Gli investimenti, per 200 milioni in cinque anni, della società partecipata della Regione, Sicilia e Servizi sono al centro di un’altra indagine dell’Olaf, il nucleo antifrodi dell’Unione europea. Un’operazione che conferma l’attenzione della commissione europea sull’uso dei fondi comunitari da parte della Regione siciliana. Un nuovo fronte che si aggiunge ai controlli sulla formazione professionale su cui l’Olaf ha evidenziato – prima delle inchieste giudiziarie che hanno colpito il settore da Messina a Catania fino agli arresti di ieri, a Palermo, per l’operazione Iban – evidenti anomalie nel sistema dei pagamenti agli enti di formazione.

Sul caso Sicilia e Servizi, invece, l’attenzione degli ispettori Olaf che hanno incontrato il dirigente della Programmazione europea, Vincenzo Falgares e il ragioniere generale, Mario Pisciotta, è concentrata sulla ingiunzione di pagamento, per 80 milioni di euro, che il socio privato, Sicilia Venture di cui fanno parte Engineering e Accenture, avanzata contro la Regione. Secondo gli accordi fra partner privato e pubblico, la Regione, i soci tecnici avreber dovuto creare la piattaforma telematica dell’amministrazione regionale e formare 250 dipendenti che sarebbero transitati nella partecipata che avrebbe dovuto diventare autonoma dal prossimo 23 dicembre.
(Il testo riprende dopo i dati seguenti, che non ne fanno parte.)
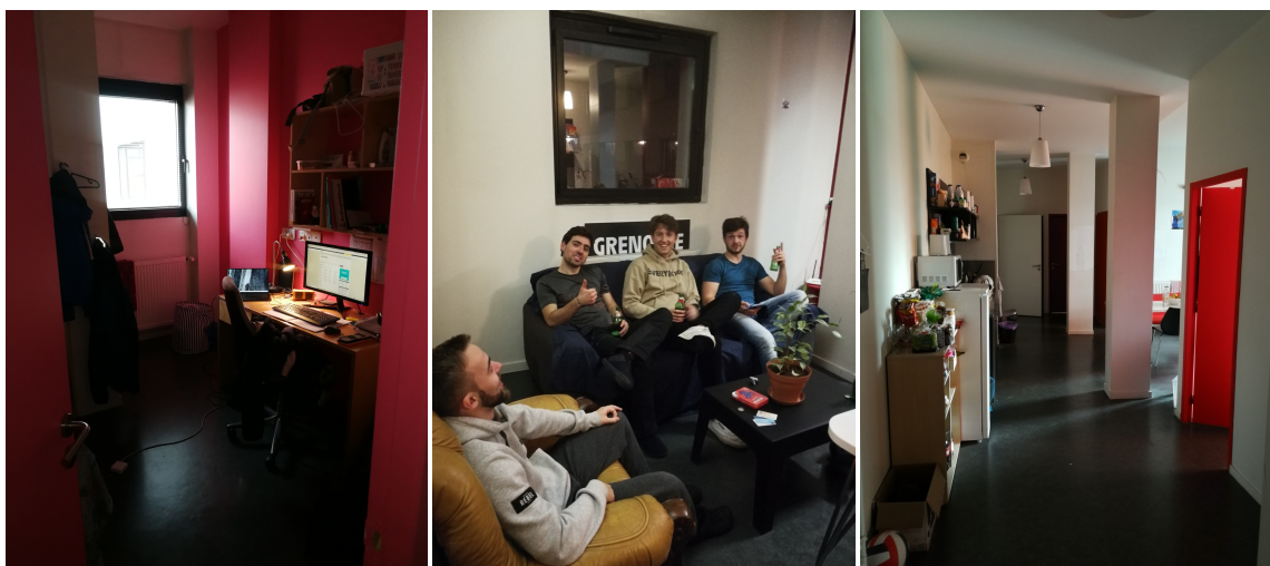
Figure 1: Här är 3 bilder från mitt delade boende. Mitt rum, vardagsrummet och en bild från hallen mot köket.

Det fanns olika boendeformer att söka innan utbytet i Grenoble. Staden har en bred privat marknad som jag inte utnyttjade. Men jag förstod det genom att mina vänner hyrde privat och alternativen verkade vara många. Hur som helst så behövdes i många fall en borgensman (Guarantor) med anknytning till Frankrike genom ett franskt bankkonto. Ett annat mycket enklare alternativ som jag utnyttjade under hela min vistelse i Grenoble var att hyra genom studenthyresföreningen CROUS. Det är en stor förening som hyr ut till studenter i hela Frankrike. I samband med att antagningen till universitetet blir klar så kommer det ett erbjudande via mejl om att hyra en bostad via CROUS. Fördelarna med CROUS är att det är ett enkelt och säkert sätt att göra klart med en bostad innan ankomsten, det är dessutom billigt. Nackdelarna är att bostäderna fördelas slumpmässigt och man riskerar att hamna på ett mindre trevligt boende. Jag hade tur och hamnade på ett bra studenthem som heter "Maison des Etudiants" i centrala Grenoble. Där jag fick dela en stor lägenhet med 3 andra utbytesstudenter. Jag hade aldrig några problem och stannade där under båda mina terminer. Min boenderekommendation är därför att ta ett boende hos CROUS till en början och om det skulle visa sig att det inte blir bra, börja leta på den privata marknaden.
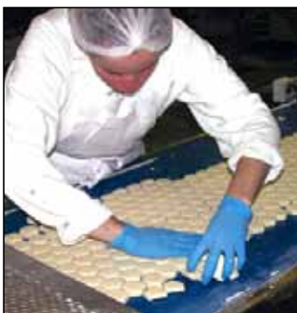
Fornetti 4.600 Shops im System

Le intenzioni della Regione ora, sotto il governo Crocetta puntano alla liquidazione della società che negli anni passati, però ha usufruito di fondi europei direttamente affidati alla spa della Regione. Una procedura che probabilmente, l’Unione europea potrebbe non considerare legittima con il rischio – è il timore degli uffici finanziari regionali – che non venga riconosciuto il rimborso delle somme attribuite dall’Ue che peserebbero interamente sui conti siciliani.